Interestingly, exemestane induces cell death in MSTO-211H (MSTO) by PI3K and cAMP inhibition, pathways involved in the action of GPR30. Intuitively, it can be hypothesized that the action of exemestane is achieved by reducing the levels of E2, its binding with GPR30 and related downstream pathway [11]. In MPM, the discussion on ERα and ERβ expression is controversial, while nothing is known of GPR30 [12, 13]. In the present study, we aimed at examining the role of genomic and especially non–genomic action in MPM and its clinical and biological significance, estradiol (E2), ERα, ERβ and GPR30 were investigated by immunohistochemistry in 57 human MPM samples. In addition, E2 was evaluated in normal (Met5A) and five malignant mesothelium (MSTO, NCIH-2452 (NCI) Ist-Mes1, Ist-Mes2 and MPP89) cell lines, and plasma from mice mesothelioma xenografts treated with exemestemane. GPR30 expression was studied on normal and malignant mesothelium cell lines by western blot (WB) and its activity was tested in MPM cell lines using the GPR30 receptor antagonist, namely G15.

RESULTS

Normal pleura and malignant pleural mesothelioma tissues endowed E₂

E_2, ER, ERα, ERβ and GPR30 expression were determined using immunohistochemistry in tumour biopsy specimens for a well-defined cohort of MPM subjects with more than a 5 year post-diagnosis follow-up. Paraffin-embedded tumour tissue samples from 57 patients ranging between the age of 45 to 80 (clinicopathologic characteristics are reported in Table 1) and 5 normal control subjects were analyzed. We found cytoplasmatic staining for E₂ in all normal pleura and in 54 mesothelioma samples (Figure 1A, 1B, 1C) with different proportion of positively stained cells between the tumour specimens (Figure 1D).
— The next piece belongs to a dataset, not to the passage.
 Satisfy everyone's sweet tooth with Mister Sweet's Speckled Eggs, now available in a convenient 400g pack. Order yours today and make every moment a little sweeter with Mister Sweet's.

High staining was observed in 14 of 57 (24.6%) tumour samples, intermediate in 28 out of 57 (49.1%), low in 12 out of 57 (21%) and negative in 3 out of 57 (5.3%) tumour tissues (Figure 1D).
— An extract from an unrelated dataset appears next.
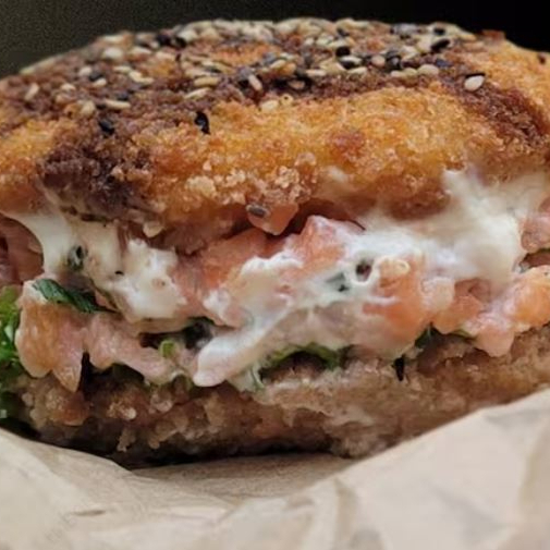 Arroz empanado e salmão cru ou grelhado com cream cheese.

Figure 1: E₂ expression by immunohistochemistry in normal pleural and MPM. (A) Normal mesothelium cells showing a cytoplasmatic staining for E₂, Original magnification, × 100 (B) and (C) the neoplastic cells express a strong cytoplasmatic positive reaction for E₂ in both epithelioid and sarcomatous mesothelioma, Original magnification, × 200. (D) Percentage of E₂ and ERβ staining in human tumour samples.

ERβ was slightly positive in normal pleura and only focally positive in 3 cases of MPM, 2 epithelioid and 1 biphasic histotype. The epithelioids were positive while the sarcomatoid was negative for E₂ at the time of diagnosis. Both hystotypes received therapy and the survival time was 17 and 27 months for epithelioid (E₂+) and 25 months for the biphasic (E₂−). For the small number of positive samples for ERβ no correlation with other variables can be relied upon. GPR30 has a cytoplasmatic expression in normal mesothelium, but not in our cases of MPM. Alpha ERα was negative in both normal and malignant mesothelial cells.

E₂ level inversely correlates with the median post-diagnosis survival time

Table 1 summarizes the distribution of gender and established clinicopathological factors. The gender distribution of the MPM cohort was 48 male and 9 female subjects; the median age at diagnosis was 67 years for male subjects and 69 years for female subjects. Histological types were determined to be 45 (79%) epithelioid, 6 (10.5%) biphasic, and 6 (10.5%) sarcomatoid. The majority of the subjects (52) had received cisplatin-based chemotherapy post-diagnosis, 34 of these (65%) also received radiotherapy. Differences in the therapy were not statistically significant on survival (Figure 2A).

Figure 2: Survival plot by therapy and E₂ expression in human samples. (A) Kaplan-Meier survival plot by therapy. All subjects are dead except two (censored) still alive at the time of the study. They received either chemotherapy and radiotherapy (RT) or chemotherapy alone (without RT) post-diagnosis. (B) E₂ expression and median postdiagnosis survival time. Graph shows the median post-diagnosis survival time of all human samples tested by immunohistochemistry for E₂ and E₂ score. E₂ score = 0 (negative), 1 (up to 30%), 2 up to 60% and 3 more that 60% of positive cells. Values were reported as median ± standard deviation, * indicate significant differences (p < 0.05) versus E₂ score = 0 calculated by Student’s test.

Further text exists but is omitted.